[Description of the task] In the entries below, find the line with "Две широкие резиновые" and the line with "張佳寧的造型比較公主風,簡約的吊帶白裙和雙低丸子頭搭配起來,遠遠看著挺減齡的。"; reproduce those two lines and all lines between them exactly, without pictures.

Records from a data source
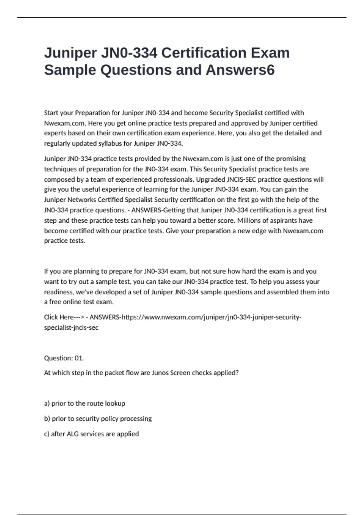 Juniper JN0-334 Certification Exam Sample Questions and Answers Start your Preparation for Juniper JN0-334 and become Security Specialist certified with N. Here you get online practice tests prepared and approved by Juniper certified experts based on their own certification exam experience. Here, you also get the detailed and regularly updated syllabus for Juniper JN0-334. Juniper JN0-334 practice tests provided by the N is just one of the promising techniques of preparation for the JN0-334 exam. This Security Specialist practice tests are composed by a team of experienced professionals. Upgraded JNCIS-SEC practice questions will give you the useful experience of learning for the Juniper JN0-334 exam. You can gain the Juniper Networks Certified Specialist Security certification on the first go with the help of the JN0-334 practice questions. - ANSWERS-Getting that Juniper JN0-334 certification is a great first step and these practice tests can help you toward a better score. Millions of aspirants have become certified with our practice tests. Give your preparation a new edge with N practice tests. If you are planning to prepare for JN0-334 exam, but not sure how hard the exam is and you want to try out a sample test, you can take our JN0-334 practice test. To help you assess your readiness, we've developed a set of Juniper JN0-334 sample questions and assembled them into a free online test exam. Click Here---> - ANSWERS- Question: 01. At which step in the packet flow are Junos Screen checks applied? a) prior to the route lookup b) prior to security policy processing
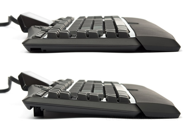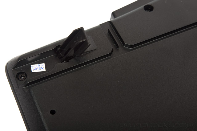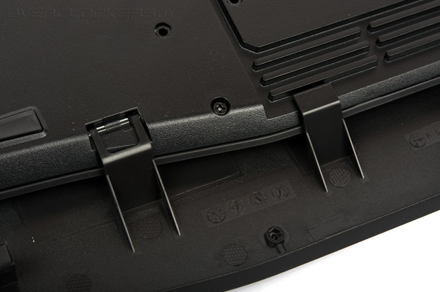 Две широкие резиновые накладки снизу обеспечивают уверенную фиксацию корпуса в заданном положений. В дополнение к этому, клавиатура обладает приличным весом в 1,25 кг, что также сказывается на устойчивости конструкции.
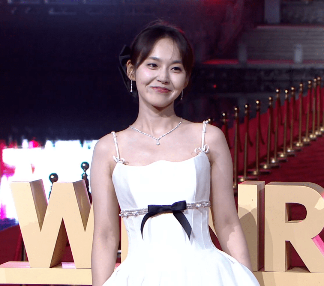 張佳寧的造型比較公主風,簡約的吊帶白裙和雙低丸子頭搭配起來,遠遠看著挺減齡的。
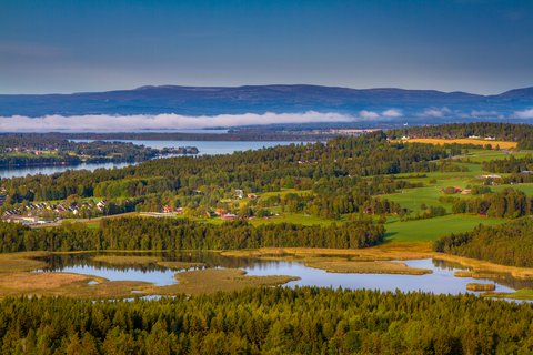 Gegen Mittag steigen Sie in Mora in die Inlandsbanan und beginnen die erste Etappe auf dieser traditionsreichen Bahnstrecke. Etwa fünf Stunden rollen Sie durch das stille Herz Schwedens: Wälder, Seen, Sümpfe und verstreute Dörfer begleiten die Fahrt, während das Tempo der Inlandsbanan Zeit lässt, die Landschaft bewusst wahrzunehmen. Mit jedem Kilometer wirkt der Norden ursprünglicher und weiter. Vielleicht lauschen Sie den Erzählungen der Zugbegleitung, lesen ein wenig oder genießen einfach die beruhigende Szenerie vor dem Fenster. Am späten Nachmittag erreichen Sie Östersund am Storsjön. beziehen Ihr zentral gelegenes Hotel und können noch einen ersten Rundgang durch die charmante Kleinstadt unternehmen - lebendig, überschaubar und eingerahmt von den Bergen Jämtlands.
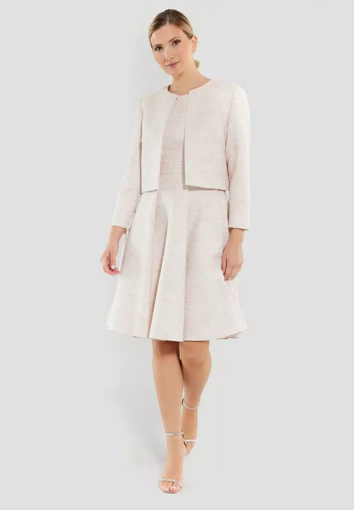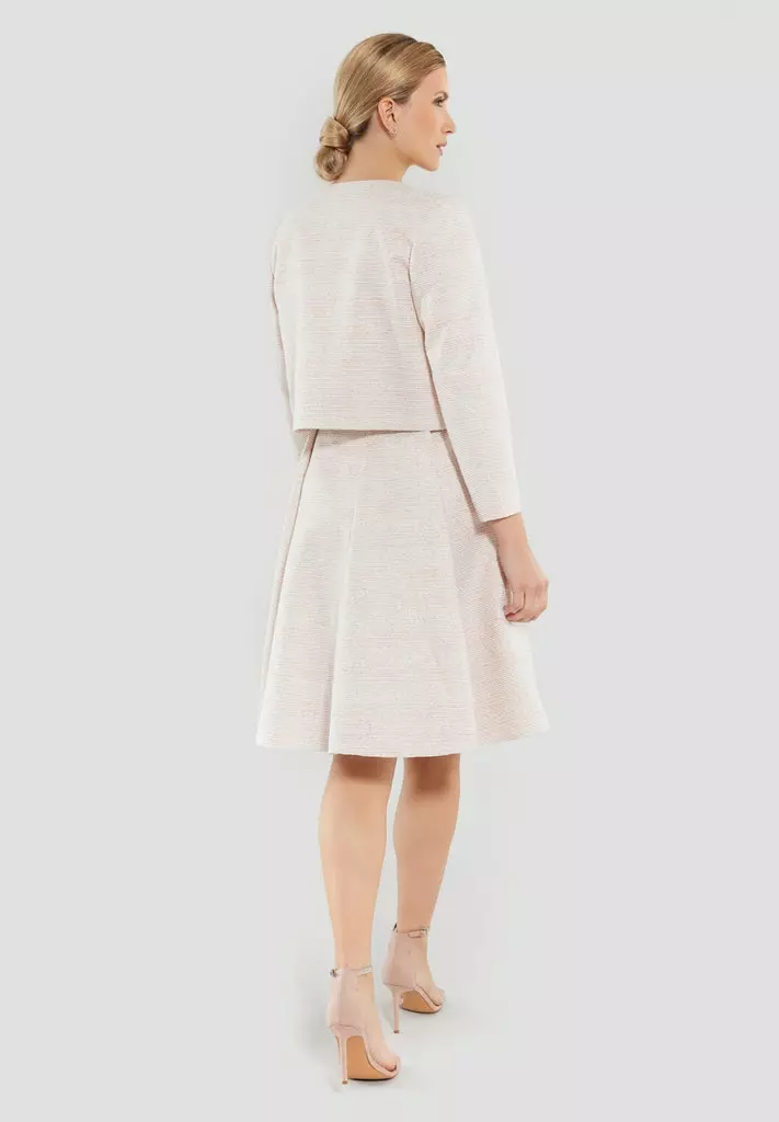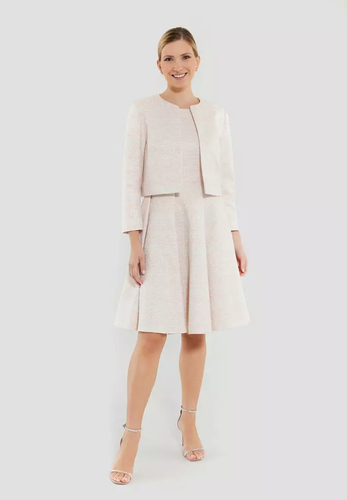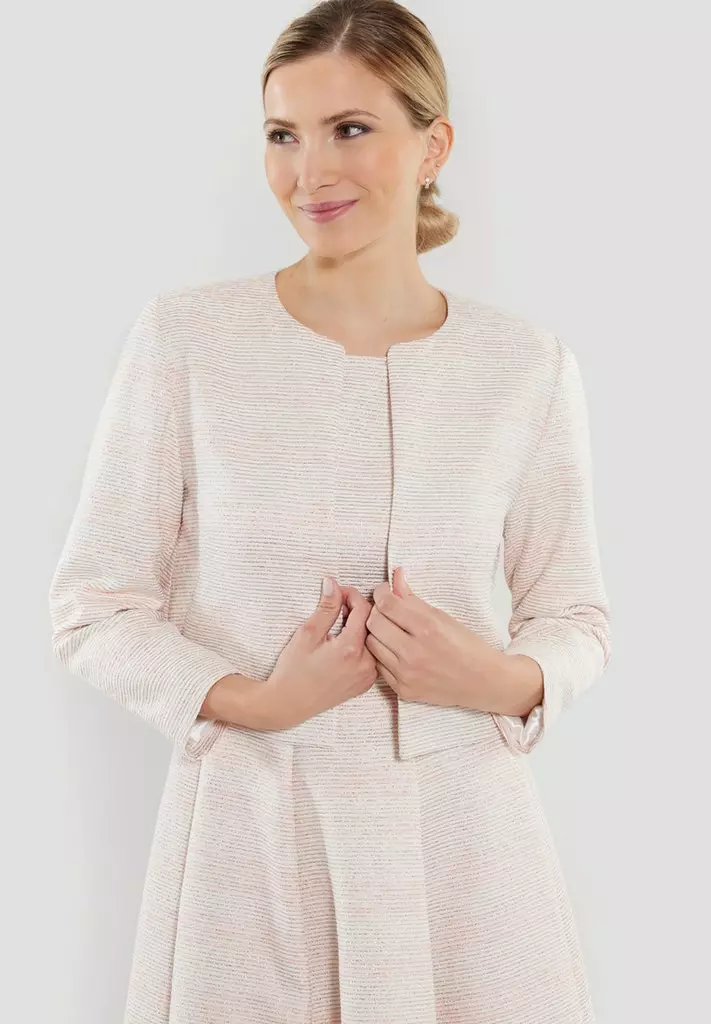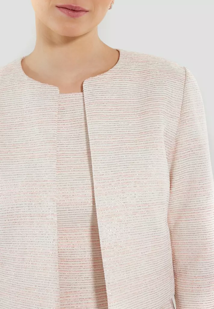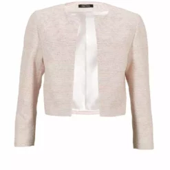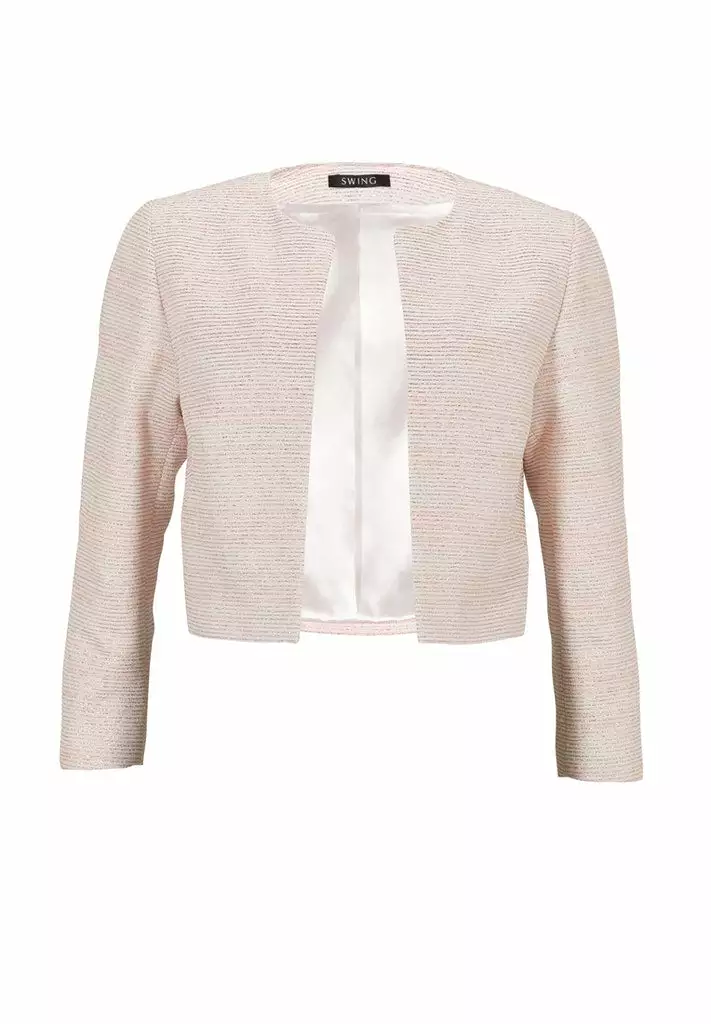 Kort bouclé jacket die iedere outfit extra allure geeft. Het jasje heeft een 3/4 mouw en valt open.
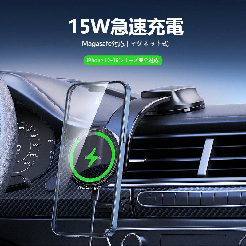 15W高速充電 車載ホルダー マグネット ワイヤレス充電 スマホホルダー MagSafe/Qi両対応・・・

[Task output]
 Две широкие резиновые накладки снизу обеспечивают уверенную фиксацию корпуса в заданном положений. В дополнение к этому, клавиатура обладает приличным весом в 1,25 кг, что также сказывается на устойчивости конструкции.
 張佳寧的造型比較公主風,簡約的吊帶白裙和雙低丸子頭搭配起來,遠遠看著挺減齡的。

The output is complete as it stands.